To create > 2 outcomes you can nest N "if then else" statements. For example, let's create a program with 3 conditions where the LED's are red at rest, blink green when you tap the robot on the table, or blink blue when I pitch the robot forward:

void startProgram()
{
controlSystemIsOn = false;
while (1)
{
// green if tapped
if ((accelSensorZUp > 5))
{
setRgbLed(0, 255, 0);
delay(1);
}
// blue if pitched forward
else
{
if ((imuPitchAngle <= -45))
{
setRgbLed(0, 0, 255);
delay(1);
}
// red at rest
else
{
setRgbLed(255, 0, 0);
}
}
}
}

### Else if

Else If is used after an if statement to create conditional else logic. This is not available in the block canvas.

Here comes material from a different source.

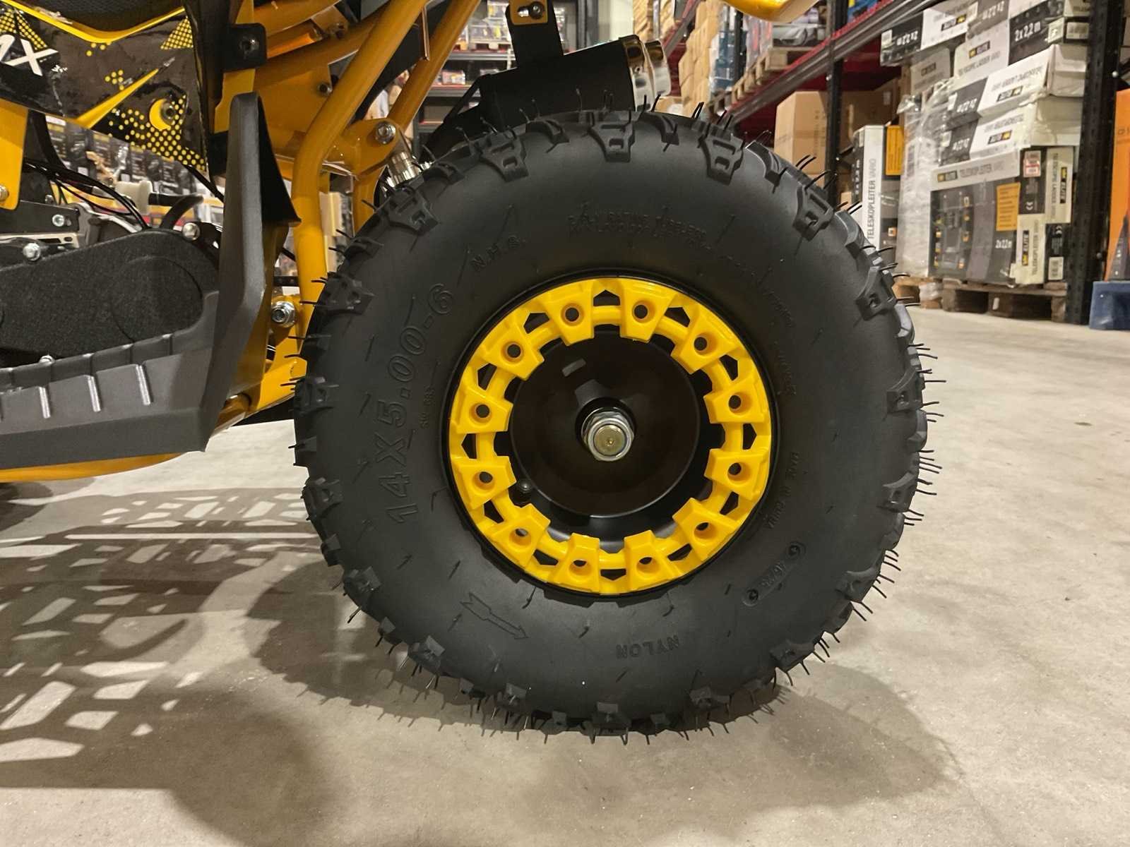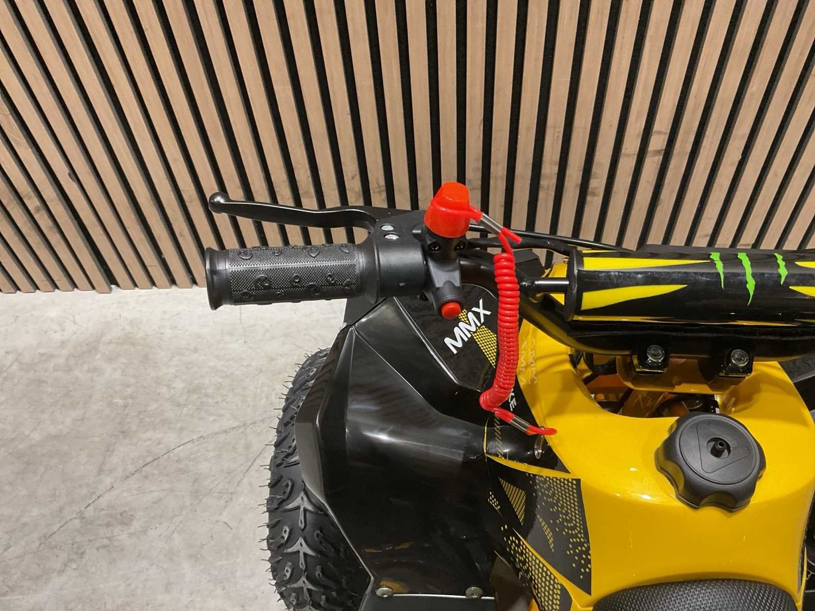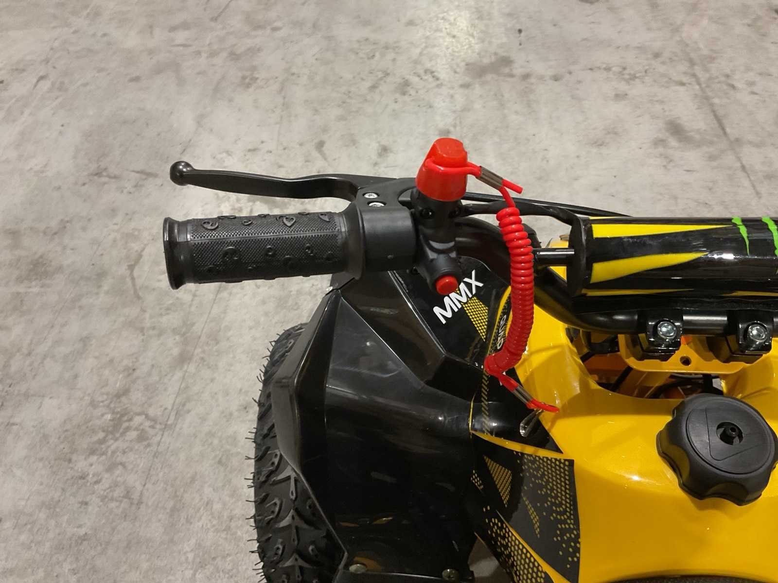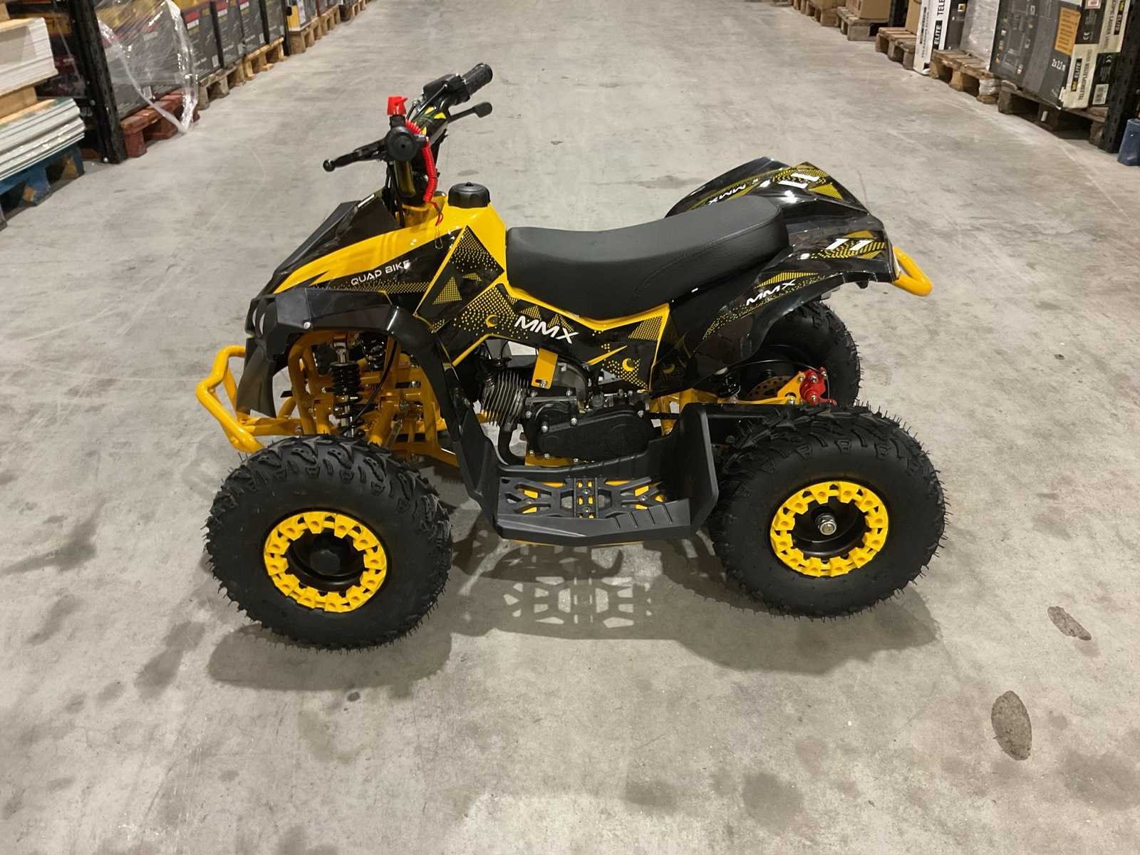 Voorzien van 49cc benzine motor; luchtgekoeld; trekstart; automaat; trekstart; schijfremmen; twee sleutels; Transport afmetingen: 105x62x52 cm; transport gewicht: 46kg; ongebruikt in doos Merk: MMX Model: TWHHATV-008 Product type: Geel Gewicht: 42kg Aantal sleutels: 2 Transmissie: Automaat Lengte: 120cm Breedte: 70cm Hoogte: 74cm

if (true) // code to evaluate a condition
{
// code executed if condition is true
}
else if (true) // code to evaluate a condition
{
// code executed if condition is true
}

For example, to create a statement where the LED's are red at rest, green with a light tap, and blue with a hard tap use, use:

void startProgram()
{
while (1)
{
// red at rest
if (accelSensorZUp < 3)
{
setRgbLed(255, 0, 0);
}
// green if tapped lightly
else if (accelSensorZUp < 7)
{
setRgbLed(0, 255, 0);
delay(1);
}
// blue if tapped hard
else
{
setRgbLed(0, 0, 255);
delay(1);
}
}
}

### Wait

Wait requires a child sequence (typically a function) to be completed before the main loop contiues. This is not available in the block canvas. For example, to create a program where a function must be complete before returning to the main loop, use:

void red()
{
setRgbLed(255,0,0);
delay(3);
wait;
}

void startProgram()
{
red();
setRgbLed(0,255,0);
}

### Return

Return terminates the execution of a function and returns control to the calling function. A return statement can also return a value to the calling function. This is not available in the block canvas. See our modulo operand function for an example.